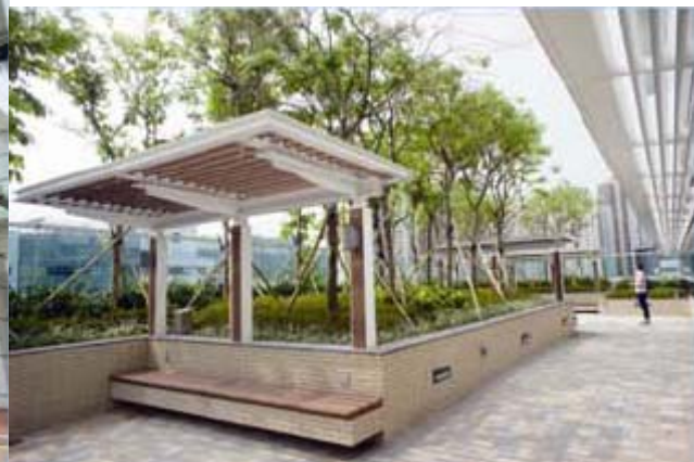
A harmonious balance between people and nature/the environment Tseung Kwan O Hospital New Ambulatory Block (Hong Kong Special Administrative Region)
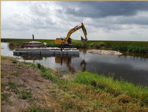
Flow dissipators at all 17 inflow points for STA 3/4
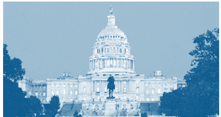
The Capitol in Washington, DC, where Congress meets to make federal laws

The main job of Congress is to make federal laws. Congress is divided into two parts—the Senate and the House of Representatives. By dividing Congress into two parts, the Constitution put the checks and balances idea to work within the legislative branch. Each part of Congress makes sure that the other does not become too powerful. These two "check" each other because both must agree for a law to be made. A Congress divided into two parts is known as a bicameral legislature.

--

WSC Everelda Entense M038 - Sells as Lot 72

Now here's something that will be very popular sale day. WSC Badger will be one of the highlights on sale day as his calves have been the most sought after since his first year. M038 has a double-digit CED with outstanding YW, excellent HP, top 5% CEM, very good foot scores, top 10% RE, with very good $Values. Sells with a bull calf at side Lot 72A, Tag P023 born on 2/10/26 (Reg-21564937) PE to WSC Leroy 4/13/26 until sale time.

» Task description
Retype the portion of the data above that starts on the line with "WSC Everelda Entense M038 - Sells as Lot 72" and finishes on the line with "Now here's something", including both of those lines.

» Completed task
WSC Everelda Entense M038 - Sells as Lot 72

Now here's something that will be very popular sale day. WSC Badger will be one of the highlights on sale day as his calves have been the most sought after since his first year. M038 has a double-digit CED with outstanding YW, excellent HP, top 5% CEM, very good foot scores, top 10% RE, with very good $Values. Sells with a bull calf at side Lot 72A, Tag P023 born on 2/10/26 (Reg-21564937) PE to WSC Leroy 4/13/26 until sale time.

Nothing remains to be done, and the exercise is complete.